Taking into account the range of applications of this method, we shall present its essence as applied to systems of type (I) for plane multilayer media, for which the principal stages of the solution are most transparent, and the number of possible applications is sufficiently large.

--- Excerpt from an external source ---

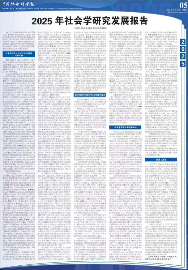 2025年,中国社会学界深入学习贯彻习近平新时代中国特色社会主义思想,尤其是习近平总书记关于社会主义社会建设的重要论述,立足“学术基础、实践导向、国际视野、历史维度”,直面人工智能时代的机遇和挑战,坚持先立后破、稳中求进,在服务党和国家工作大局、推进中国自主社会学知识体系构建、增强学科影响力方面取得显著进展。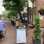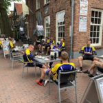 We nuttigen de koffie buiten op het terras in het centrum van Lochem. De 1,5 meter respecteren we keurig. De koffie is heerlijk, maar de bediening is onervaren en niet al te vlug, dus we moeten rustig de tijd nemen, ook niet verkeerd.

A schematic representation of the medium under consideration is given in Fig. 1. The medium consists of \(n\) layers of different thicknesses \(\delta_j\) and is bounded either by “impermeable” walls, corresponding in real problems to the external boundaries of the closed systems under consideration, or the external left boundary is identified with the right one, if a process is considered in a medium consisting of repeated cyclic groupings of layers of identical structure. If the medium is considered as an “open” system (in the thermodynamic sense), then such problems can also be reduced to problems with impermeable walls, if the outer layers are identified with the medium external to the system.

Fig. 1

The concentrations of the diffusing substance in the \(j\)-th layer \((u_j)\) are assumed to satisfy the equations

\[ \partial u_j/\partial t = D_j \partial^2 u_j/\partial x^2 - k_j u_j \qquad (j=1,\ldots,n), \tag{1} \]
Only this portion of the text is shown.